→ WHAT TO WORK ON
Below are some records. Write out the lines from the one containing "All black everything." to the last line, word for word, leaving out pictures.

→ PROVIDED RECORDS
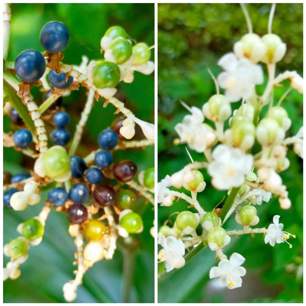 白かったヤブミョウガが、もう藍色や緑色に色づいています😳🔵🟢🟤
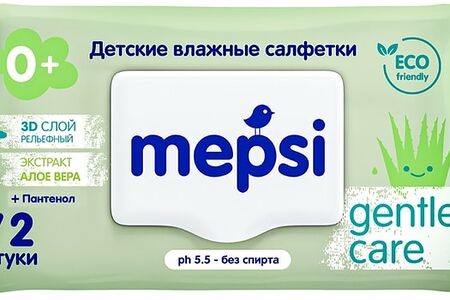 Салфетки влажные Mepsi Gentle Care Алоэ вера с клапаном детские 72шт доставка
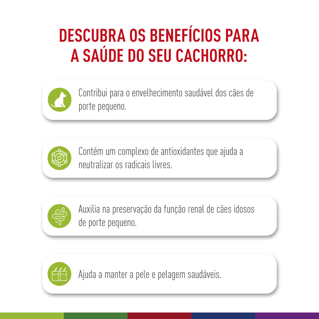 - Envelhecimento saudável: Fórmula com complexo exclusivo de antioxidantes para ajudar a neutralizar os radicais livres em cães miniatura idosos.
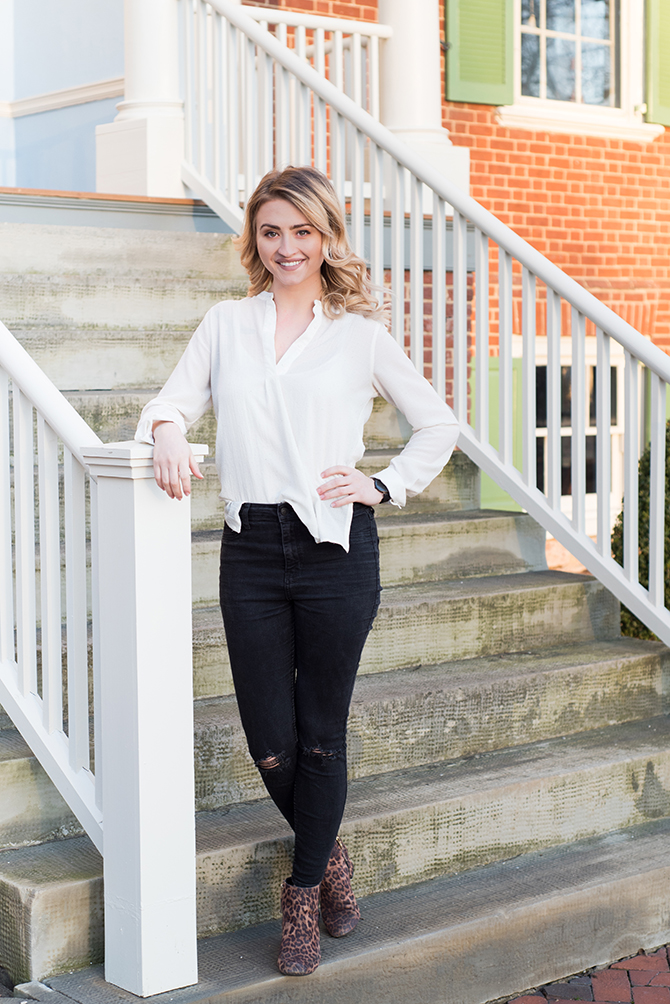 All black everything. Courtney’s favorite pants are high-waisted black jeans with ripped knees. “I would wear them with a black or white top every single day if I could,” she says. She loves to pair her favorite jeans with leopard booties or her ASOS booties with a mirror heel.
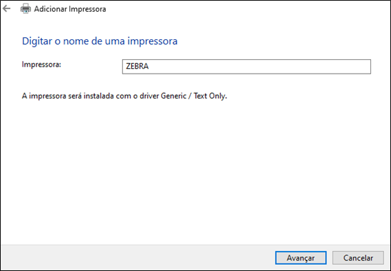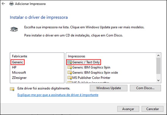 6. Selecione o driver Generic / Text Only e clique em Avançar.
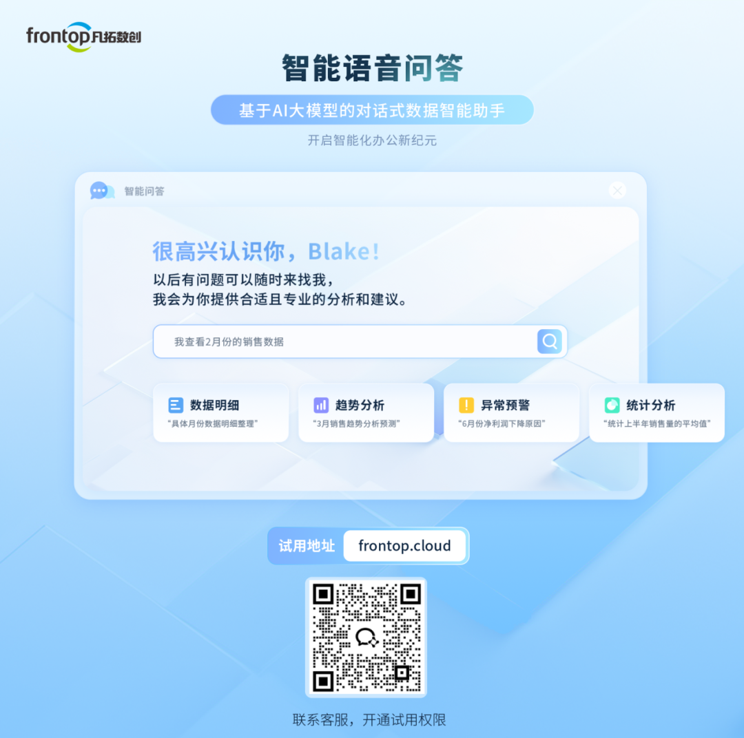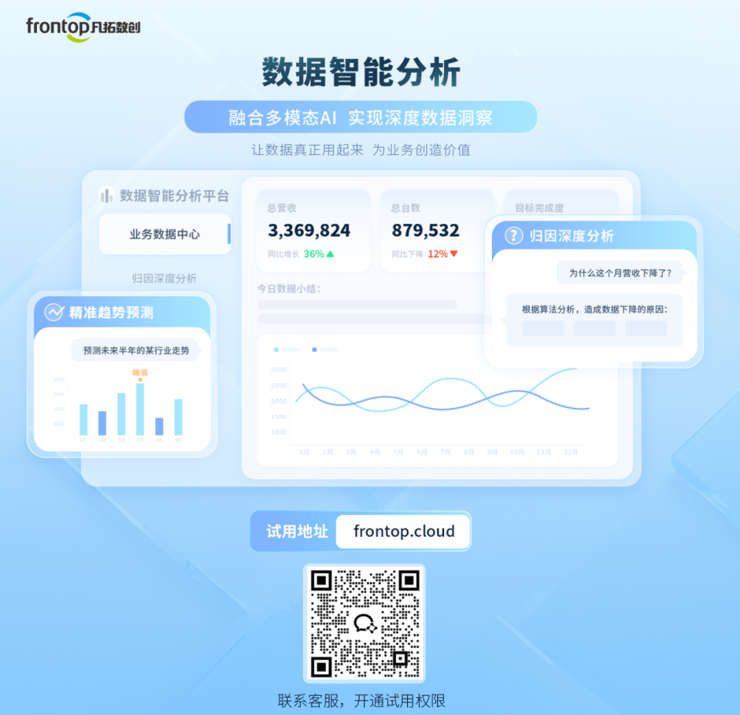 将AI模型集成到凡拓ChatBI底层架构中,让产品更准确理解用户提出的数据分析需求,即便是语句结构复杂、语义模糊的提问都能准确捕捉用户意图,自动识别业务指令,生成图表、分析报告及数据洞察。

→ EXPECTED ANSWER
 All black everything. Courtney’s favorite pants are high-waisted black jeans with ripped knees. “I would wear them with a black or white top every single day if I could,” she says. She loves to pair her favorite jeans with leopard booties or her ASOS booties with a mirror heel.
 6. Selecione o driver Generic / Text Only e clique em Avançar.
 将AI模型集成到凡拓ChatBI底层架构中,让产品更准确理解用户提出的数据分析需求,即便是语句结构复杂、语义模糊的提问都能准确捕捉用户意图,自动识别业务指令,生成图表、分析报告及数据洞察。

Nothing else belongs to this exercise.